Curious. I remember most of them enthusiastically following his leadership year after year as Republican whip from 1989 to 1994.
It was the most successful congressional opposition movement since Benjamin Disraeli formed the modern Conservative Party in Britain in the mid-19th century.
And after the GOP took back the House for the first time in 40 years (and the Senate, too, by the way), Newt’s four years as speaker proved to be the most productive, legislative congressional years since at least 1965 to 67, and they were led by Lyndon B. Johnson from the White House.
Working against - and with - Democratic President Bill Clinton, we passed into law most of the Contract With America, welfare reform, telecommunications reform (which ushered in the modern cell-phone and Internet age) and the first balanced budget since before the Vietnam War, and we cut taxes and lowered unemployment to less than 5%.
Just who the heck do all these professional political wizards think managed all that? It wasn’t us clever staffers or many of the now grumbling GOP K Street crowd.
We helped but Newt led.
I admit Newt’s methods were not orthodox. He modified the seniority committee chairman system and picked the best members for the key posts. More than a few feathers got ruffled. One of his key insights was to recognize that the two-dozen Northeastern moderates and liberals in the GOP caucus held the balance of power - we didn’t have 218 safe conservative votes in the House. Newt needed to prevent them from playing off the GOP against the Democrats (which is what such a faction in any congressional party normally tries to do), but rather feel fundamental loyalty and value in sticking with the GOP working majority. To do that, they had to get some of the provisions that they wanted in bills often enough that they would stick with conservatives on other issues.
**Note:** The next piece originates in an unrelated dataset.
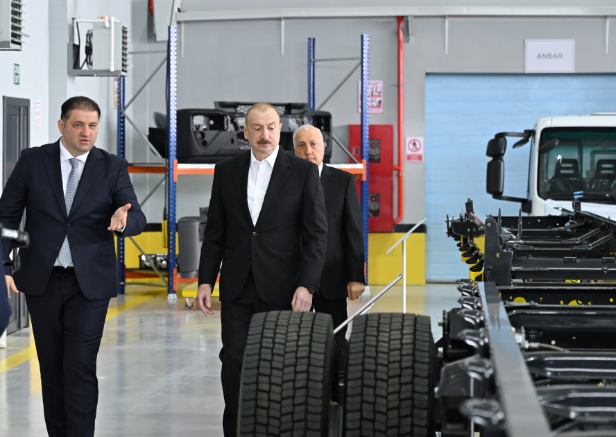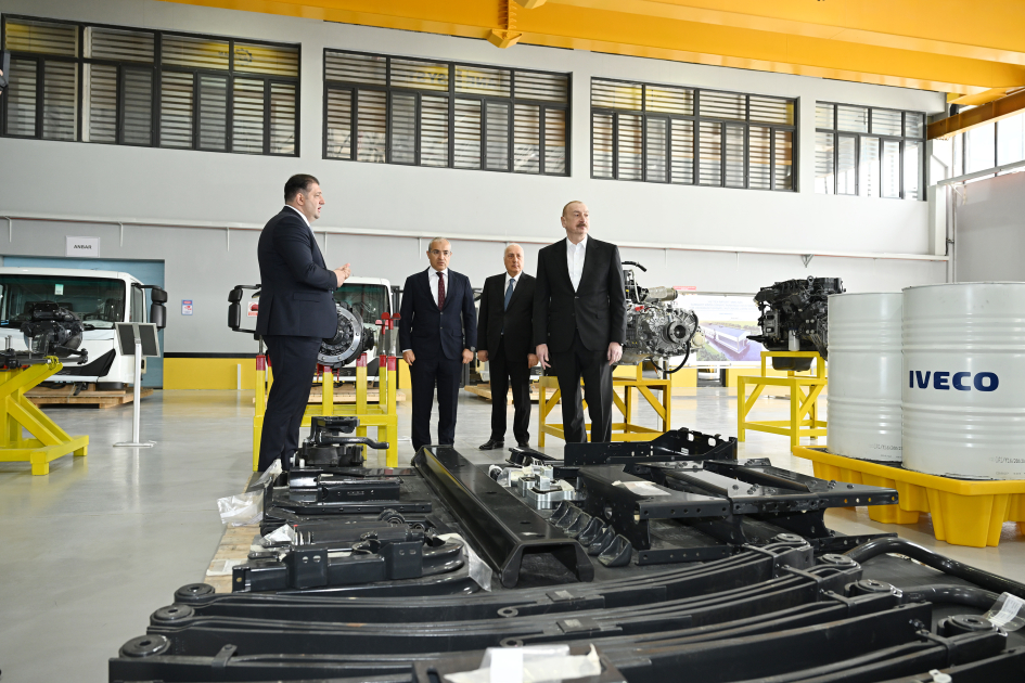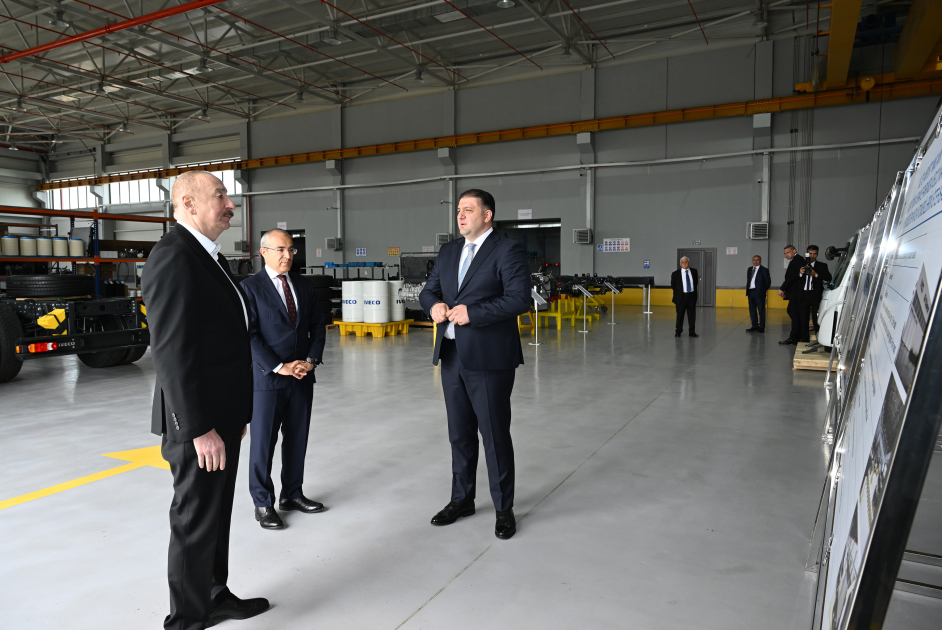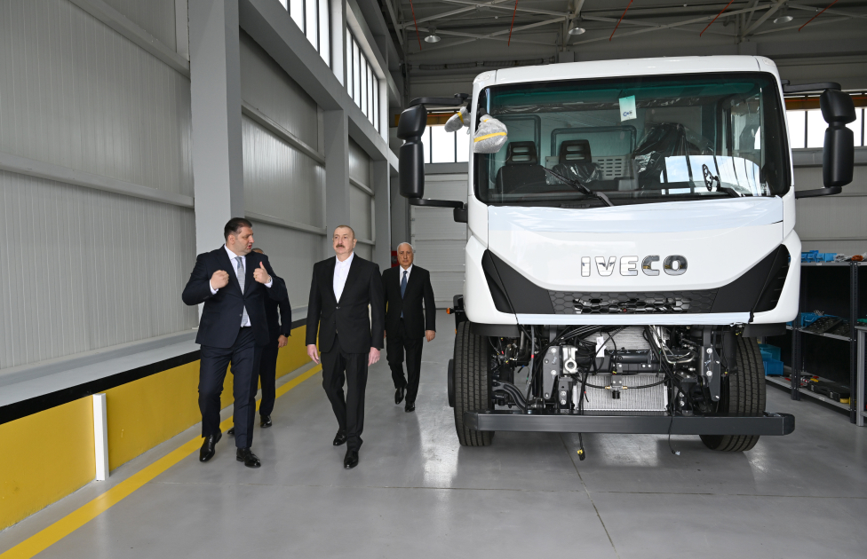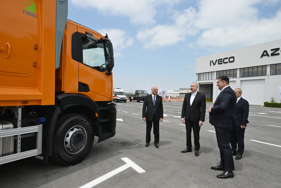 Президент Азербайджана Ильхам Алиев также принял участие в открытии завода по производству грузовых автомобилей и автомобилей специального назначения марки IVECO ООО Az-Tex-Import.

This required a lot of maneuvering by Newt. Conservative members got frustrated that he did that. They called that erratic behavior on Newt’s part. No, it was necessary and calculated maneuvering. He was actually shrewdly managing a precarious majority. If he hadn’t kept the Northeastern liberals in the fold, very little would have been accomplished in those spectacular four years of legislating and leading.
But when it came to fundamental conservative principles and the political strategies necessary to protect them, Newt saw the threats to them and never wavered. I was amused to see Gov. John Sununu, President George H. W. Bush’s chief of staff and a current Romney supporter, criticize Newt last week. I remember back in 1990, just after Newt had become GOP whip, when Mr. Bush, urged on by Mr. Sununu, was about to break his campaign pledge and raise taxes, which eventually cost him his re-election bid against Mr. Clinton. It was Newt who opposed it. In fact, Marlin Fitzwater, the loyal and shrewd White House press secretary, and no fan of Newt’s at the time, later wrote in his memoirs, “As it turned out, one of the few people on the Republican team who understood this trap [the Democrats demanded Bush raise taxes as the political price to reduce the deficit] was Newt Gingrich. … Newt had … recommended a different course of action: Abandon the budget negotiations [with Democrats], keep the tax pledge, insist that Congress cut spending, and make a political fight out of it. It’s clear now that we should have followed his advice.”
Years later, when Newt was speaker, he followed his own advice. He refused to raise taxes, he made a political fight of spending cuts with Bill Clinton (paying a big price in personal smears run against him), but we won the historic balanced budgets. In dangerous times, the safer choice for president is not the candidate who has always played it safe, nor is it the candidate who has not already faced and defeated adversity.
Amen, my friends... amen.
1 comment:
I liked Mr. Blankley. He was intelligent, witty, and always (really) fair and balanced. He will be missed.